In any event, what is done is done. And more importantly, Barrett’s recusal is not binding for future cases.

The victory that wasn’t

Secularists and opponents of school choice have been celebrating the outcome, even though split decisions do not constitute binding legal precedent.

As Notre Dame Law Professor and Supreme Court scholar Richard Garnett observed, “The do-nothing denouement in this particular round of litigation does not preclude other courts, in other cases, from vindicating the no-discrimination rule and permitting religious schools to participate in charter-school programs.”

Garnett is right. The twin religion clauses of the First Amendment — the Free Exercise Clause and the Establishment Clause — permit certification of religious schools like St. Isidore’s as charter schools.

Take, for example, the court’s recent decisions involving the Free Exercise guarantee and school choice initiatives. When the court struck down the “No-Aid” provision in Montana’s state constitution that excluded religious schools and families from a publicly funded scholarship program for students attending private schools, Chief Justice John Roberts reaffirmed the Free Exercise Clause’s demand for fairness.
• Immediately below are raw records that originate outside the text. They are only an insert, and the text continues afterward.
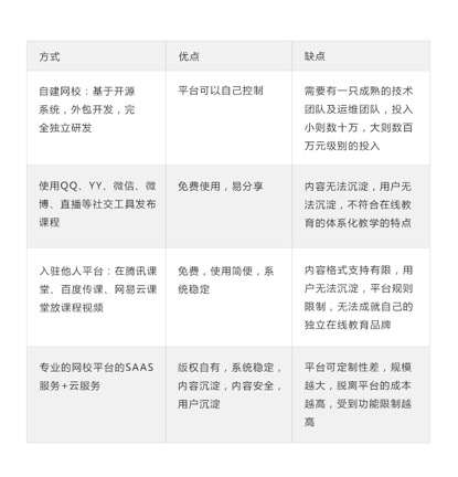 阔知网的 CEO 陈荣介绍,在线教育平台发展主要有四种模式:
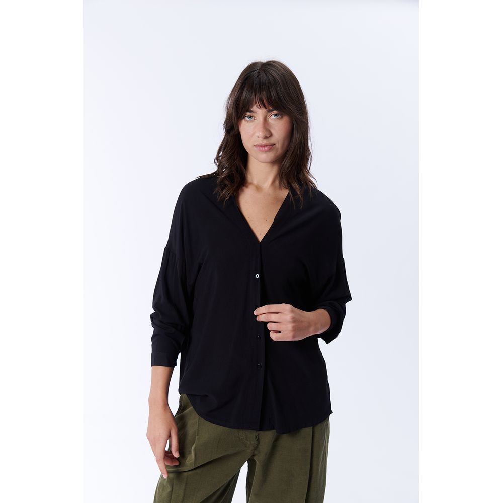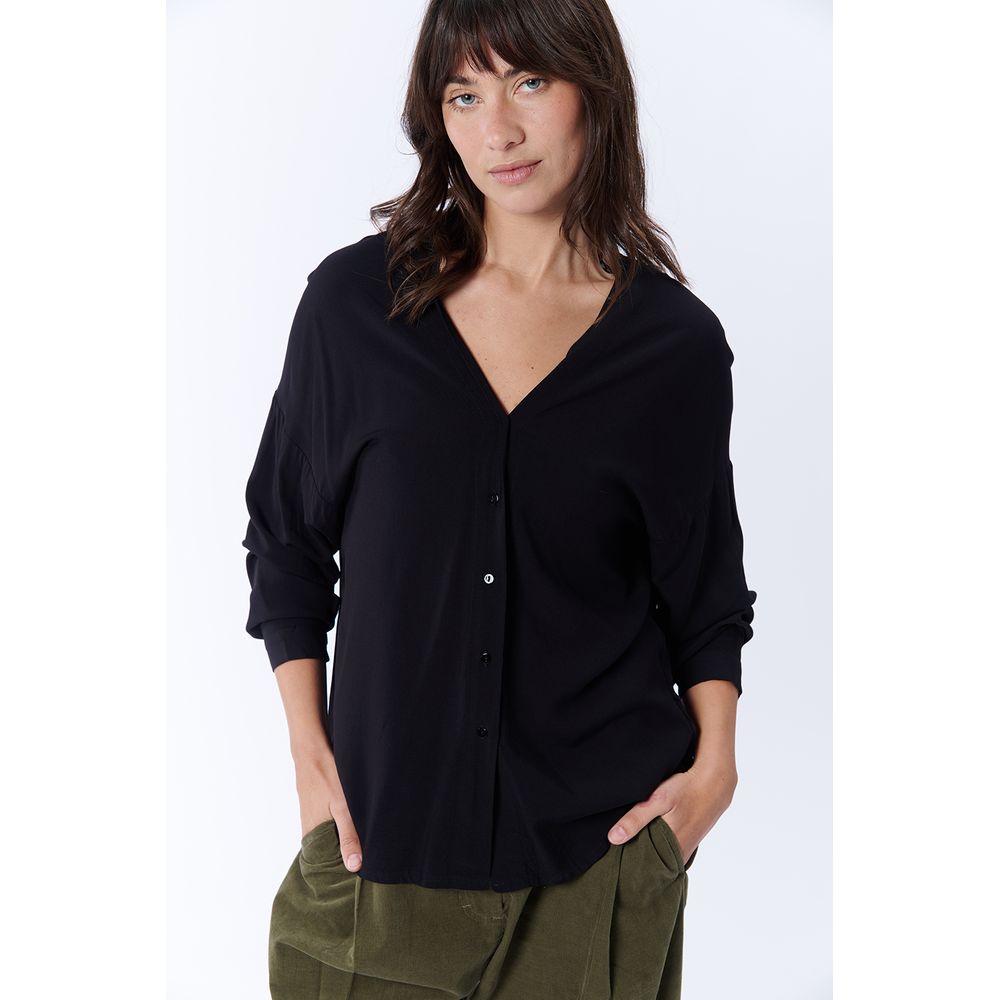 CAMISA MANGA LARGA FRUNCE NEGRA
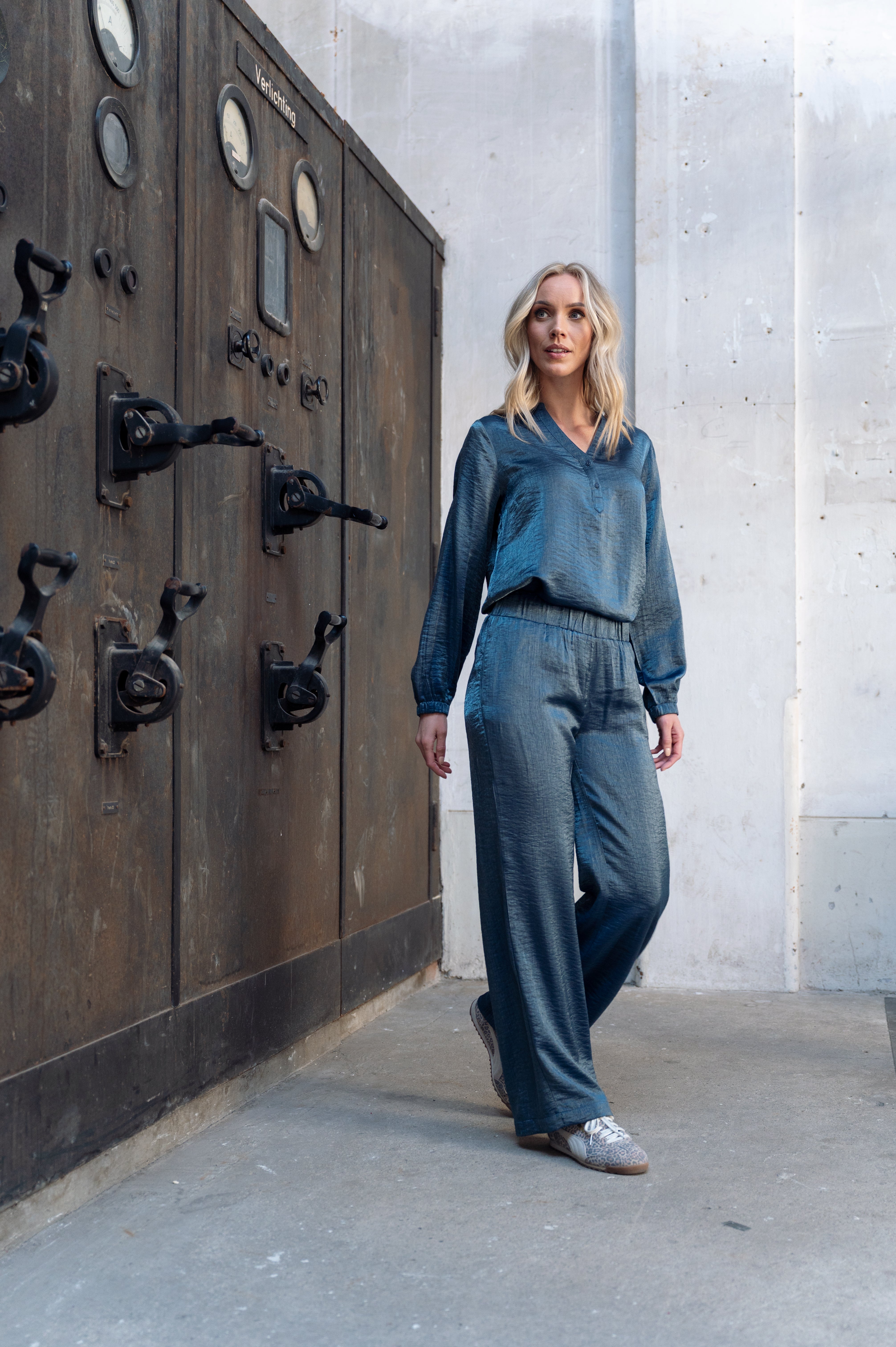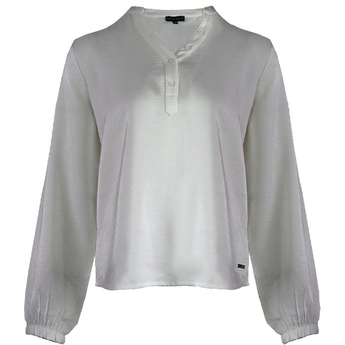 Deze blouse heeft een elegante V-hals met knoopjes en is afgewerkt met elastiek bij de mouwen voor een comfortabele en vrouwelijke fit. Een veelzijdig model dat makkelijk te combineren is. Verkrijgbaar in meerdere kleuren.

“A state need not subsidize private education,” he observed. “But once a State decides to do so, it cannot disqualify some private schools solely because they are religious.”

Similarly, in Carson v. Makin, the court found that Maine violated the Constitution when it excluded religious schools from participating in a voucher program for rural students. Roberts, again writing for the court, explained that “the State pays tuition for certain students at private schools — so long as the schools are not religious. That is discrimination against religion.”

No clause against faith

Allowing religious schools such as St. Isidore’s to participate in a state’s charter school program is merely a natural application of this principle of fairness. But what about the Establishment Clause?

Oklahoma Attorney General Gentner Drummond argued that certifying St. Isidore’s as a charter school would violate the Establishment Clause.

His argument has some appeal, particularly for secularists who want public schools to have a virtual monopoly over America’s educational system. Granted, the Supreme Court has repeatedly held that the Establishment Clause prohibits public schools from providing religious instruction. Private schools, by contrast, are free to do so. Charter schools receive public funding, but they are privately established and controlled schools with minimal regulatory oversight by the government.

Consequently, charter schools are not state actors. And because they are not state actors, a charter school’s endorsement of any particular religion does not constitute a violation of the Establishment Clause.

Success secularism can't match

Charter schools currently exist in 45 states and the District of Columbia. A recent study reveals that charter-school students “show greater academic gains than their peers in traditional public schools.” The study also found that “charter students in poverty had stronger growth, equal to seventeen additional days of learning in math and twenty-three additional days of learning in reading, than their [traditional public school] peers in poverty.”

As for the benefits of a Catholic education, Catholic school students “continue to outpace public schools in math and reading, while public school student achievement has not returned to pre-pandemic levels and reading scores continue to decline following a sobering trend last reported in 2022.”

Denying American families access to the winning combination of a Catholic charter school, then, is not only unconstitutional but also unconscionable.

The split decision affirming the Oklahoma Supreme Court means that families in the Sooner State cannot yet benefit from the stellar Catholic education offered by St. Isidore's as a charter school.

Still, it needs repeating: The order does not set precedent. The question of whether the Constitution allows a state to exclude religious schools from its charter program is not settled.

A call for clarification will likely be before the court soon and, with a full bench, we should expect that principles of fairness and religious freedom will prevail.